The trap-target command is used to add/remove a trap receiver from an snmp-trap-group. The operational parameters specified in the command include:

• The IP address of the trap receiver

• The UDP port used to send the SNMP trap

• SNMP version

• SNMP community name for SNMPv1 and SNMPv2c receivers.

• Security name and level for SNMPv3 trap receivers.

A single snmp-trap-group log-id can have multiple trap-receivers.
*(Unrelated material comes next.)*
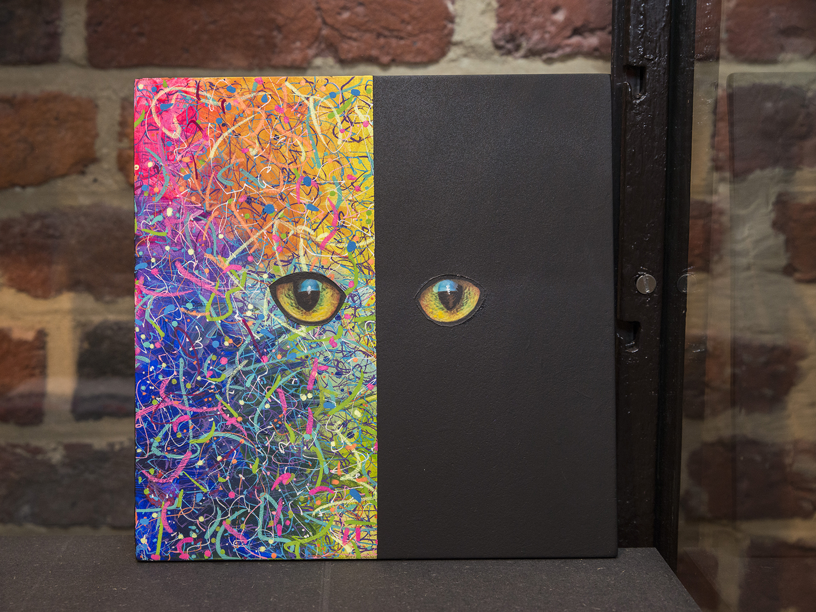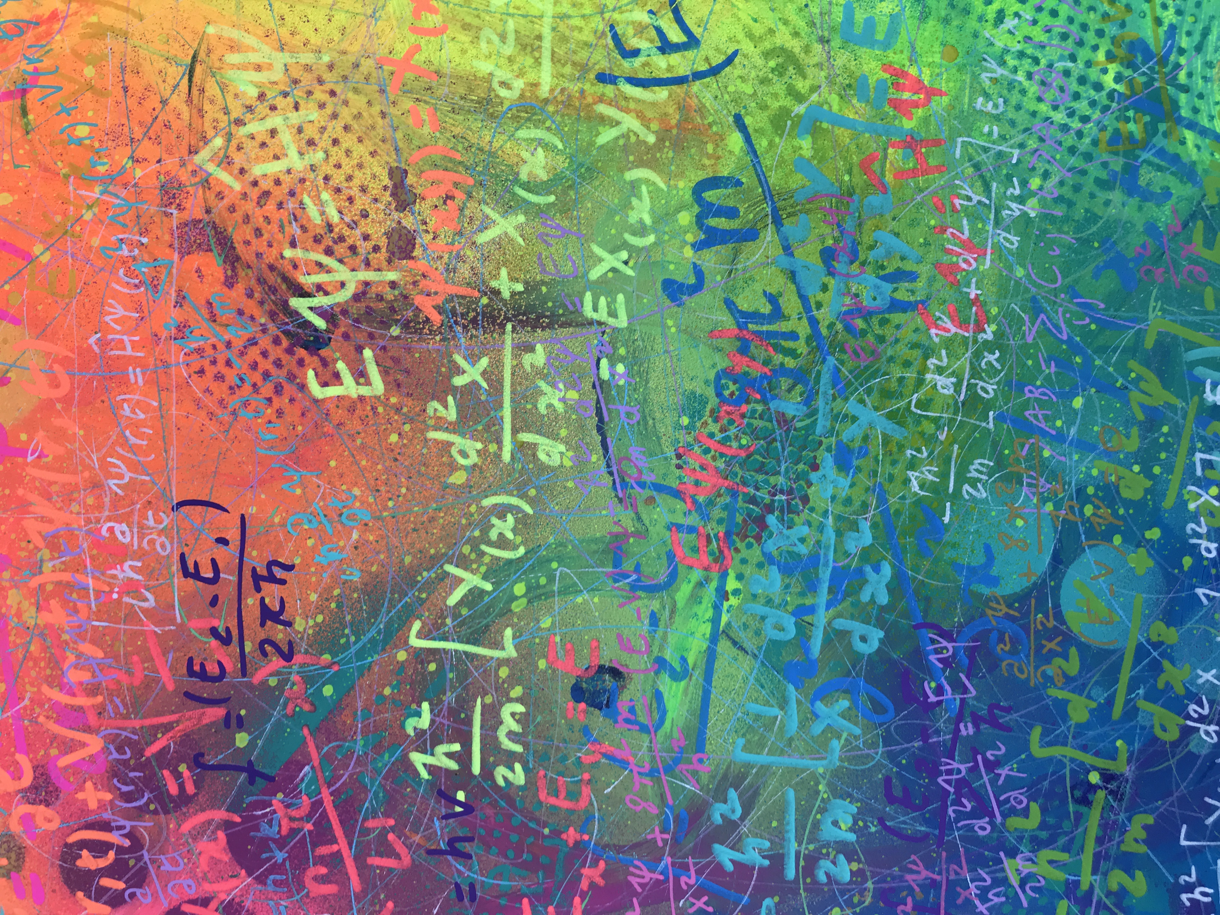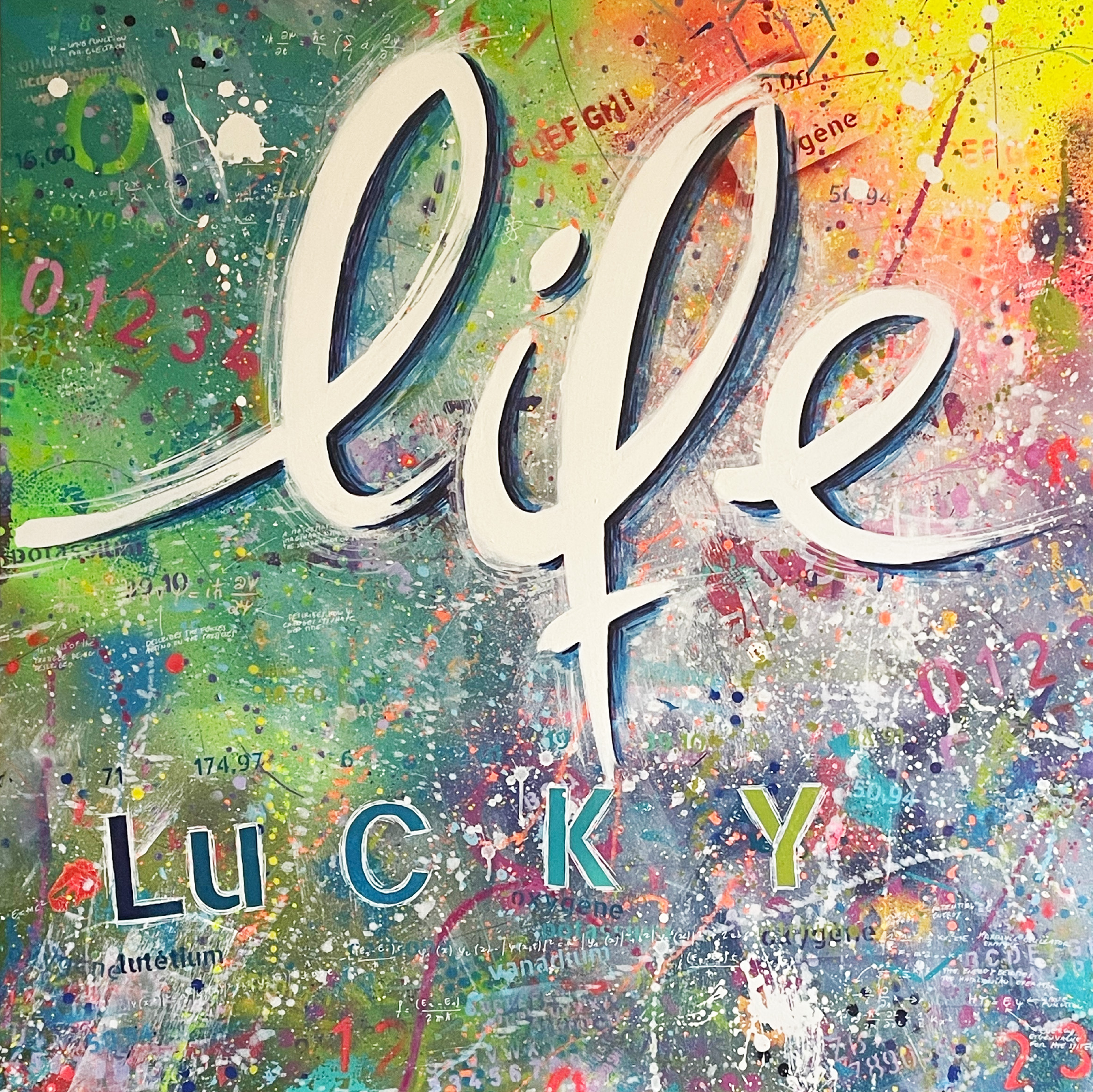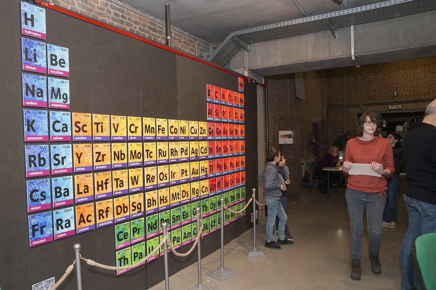 C’est la rencontre avec un dirigeant d’une société belge active dans le domaine scientifique, conjuguée avec le 150naire du tableau de Mendeleïev, qui a donné naissance à ce projet de tableau périodique basé sur mes recherches graphiques. J’ai travaillé ce tableau pour que l’on capte l’énergie des différentes composantes des éléments qui le constituent (électrons, protons, neutrons, masse, …). Entre 2 et 3D, il les symbolise par d’infinies traces qui s’entremêlent avec énergie et liberté. Les couleurs, la lumière et leur interaction emmènent l’œil à différents niveaux de lecture, de regards. La mixité des techniques utilisées (bois, acrylique, pochoirs, aérosol, découpe laser, etc.) se veut, elle aussi, le reflet de la variété des éléments et de leurs propriétés.

Each trap receiver can have different operational parameters.

An address can be configured as a trap receiver more than once as long as a different port is used for each instance.
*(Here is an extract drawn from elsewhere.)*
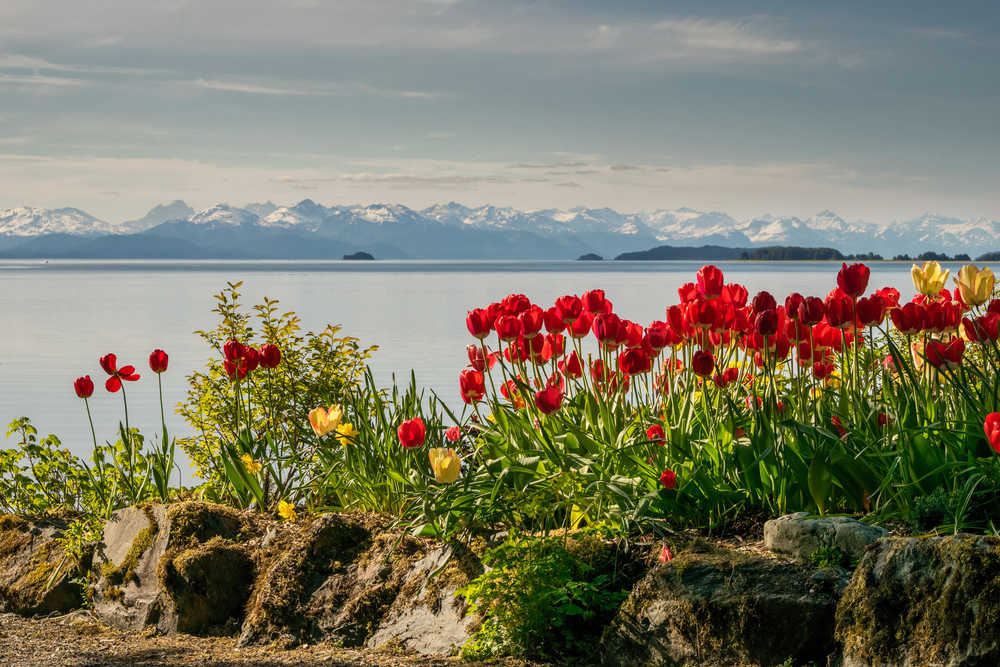 The sun shines on tulips at the Shrine of St. Therese on Saturday afternoon.

To prevent resource limitations, only configure a maximum of 10 trap receivers.

The no form of this command removes the SNMP trap receiver from the SNMP trap group.

Parameters

name

Specifies the name of the trap target, up to 28 characters.

ip-address

Specifies the IP address of the trap receiver in dotted decimal notation. Only one IP address destination can be specified per trap destination group.

Values

ipv4-address	a.b.c.d (host bits must be 0)
ipv6-address	x:x:x:x:x:x:x:x[-interface]
	x:x:x:x:x:x:d.d.d.d[-interface]
	x: [0..FFFF]H
	d: [0..255]D
	interface: 32 characters maximum, mandatory for link local addresses

port

Specifies the destination UDP port used for sending traps to the destination, expressed as a decimal integer. Only one port can be specified per trap-target statement. If multiple traps need to be issued to the same address then multiple ports must be configured.

Default

162

Values

1 to 65535

snmpv1 | snmpv2c | snmpv3

Specifies the SNMP version format to use for traps sent to the trap receiver.

The keyword snmpv1 selects the SNMP version 1 format. When specifying snmpv1, the notify-community must be configured for the proper SNMP community string that the trap receiver expects to be present in alarms and traps messages. If the SNMP version is changed from snmpv3 to snmpv1, then the notify-community parameter must be changed to reflect the community string rather than the security-name that is used by snmpv3.

The keyword snmpv2c selects the SNMP version 2c format. When specifying snmpv2c, the notify-community must be configured for the proper SNMP community string that the trap receiver expects to be present in alarms and traps messages. If the SNMP version is changed from snmpv3 to snmpv2c, then the notify-community parameter must be changed to reflect the community string rather than the security-name that is used by snmpv3.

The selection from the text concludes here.